# [ABOUT THIS TASK]
When you find the line with "В практическом отношении" among the records below, reproduce it and each line after it exactly, ending with the line with "Pgroup 1/2 Inch".

# [PROVIDED RECORDS]
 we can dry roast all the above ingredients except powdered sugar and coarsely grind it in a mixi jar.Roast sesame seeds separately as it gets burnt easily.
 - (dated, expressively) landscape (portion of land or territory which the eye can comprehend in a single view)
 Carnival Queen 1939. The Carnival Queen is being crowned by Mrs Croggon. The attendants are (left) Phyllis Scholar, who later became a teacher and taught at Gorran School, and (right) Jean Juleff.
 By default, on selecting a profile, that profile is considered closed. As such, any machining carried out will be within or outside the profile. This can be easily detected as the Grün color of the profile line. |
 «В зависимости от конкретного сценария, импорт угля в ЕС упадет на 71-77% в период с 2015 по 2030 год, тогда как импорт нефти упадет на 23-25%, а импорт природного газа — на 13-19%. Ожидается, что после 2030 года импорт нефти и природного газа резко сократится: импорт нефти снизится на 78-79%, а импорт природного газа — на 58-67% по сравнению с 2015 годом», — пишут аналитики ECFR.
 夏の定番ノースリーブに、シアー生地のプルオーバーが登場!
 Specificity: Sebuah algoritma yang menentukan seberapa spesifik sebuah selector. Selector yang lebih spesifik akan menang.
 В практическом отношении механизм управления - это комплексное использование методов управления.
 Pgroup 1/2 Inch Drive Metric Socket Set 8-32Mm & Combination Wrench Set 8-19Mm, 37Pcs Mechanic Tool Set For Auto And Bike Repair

---

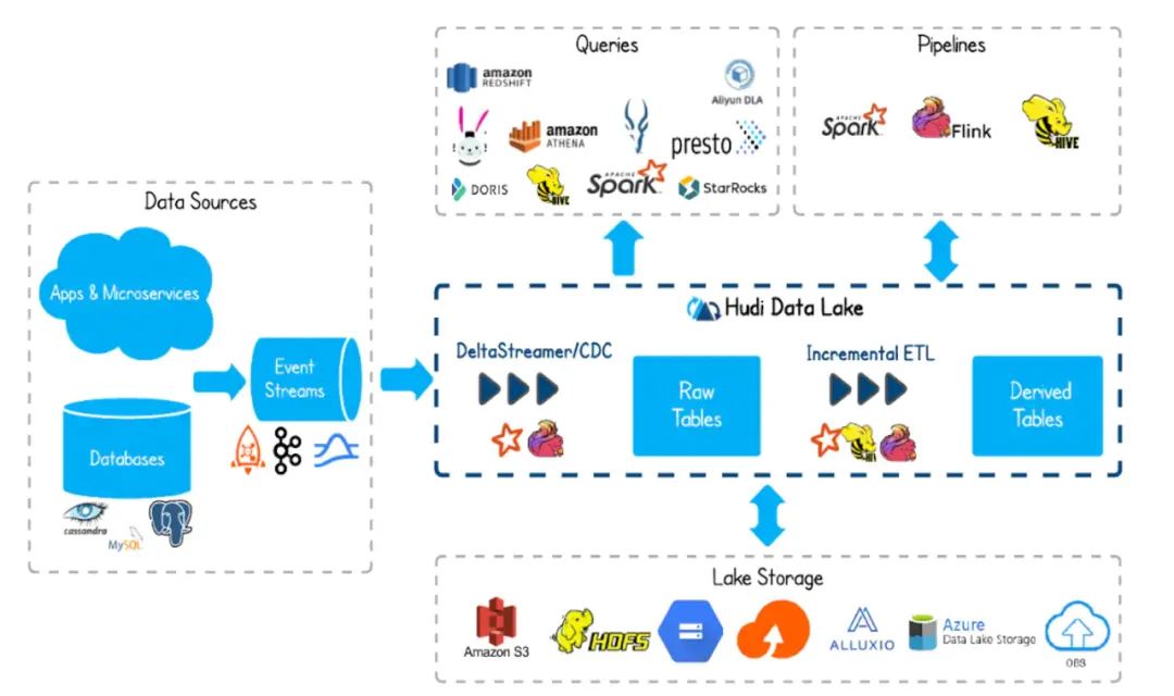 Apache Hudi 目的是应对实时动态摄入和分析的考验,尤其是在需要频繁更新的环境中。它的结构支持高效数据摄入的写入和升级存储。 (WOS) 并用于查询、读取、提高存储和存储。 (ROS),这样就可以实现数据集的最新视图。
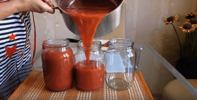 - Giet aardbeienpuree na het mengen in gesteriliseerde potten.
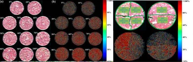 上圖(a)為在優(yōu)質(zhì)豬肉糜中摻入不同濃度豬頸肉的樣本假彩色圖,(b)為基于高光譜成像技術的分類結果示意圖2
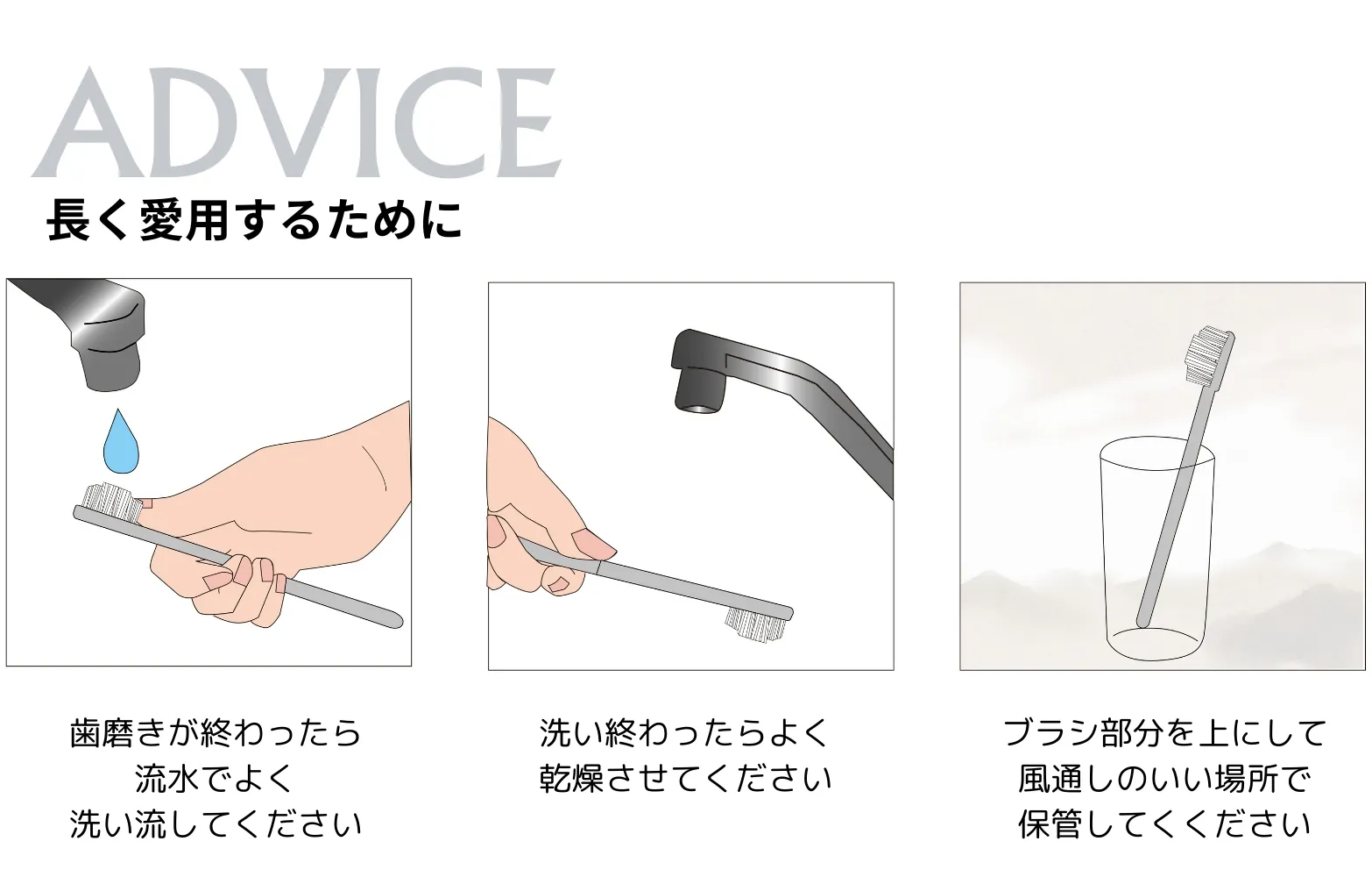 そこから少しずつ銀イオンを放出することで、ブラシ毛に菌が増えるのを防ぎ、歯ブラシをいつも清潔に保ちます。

# [SOLUTION]
 В практическом отношении механизм управления - это комплексное использование методов управления.
 Pgroup 1/2 Inch Drive Metric Socket Set 8-32Mm & Combination Wrench Set 8-19Mm, 37Pcs Mechanic Tool Set For Auto And Bike Repair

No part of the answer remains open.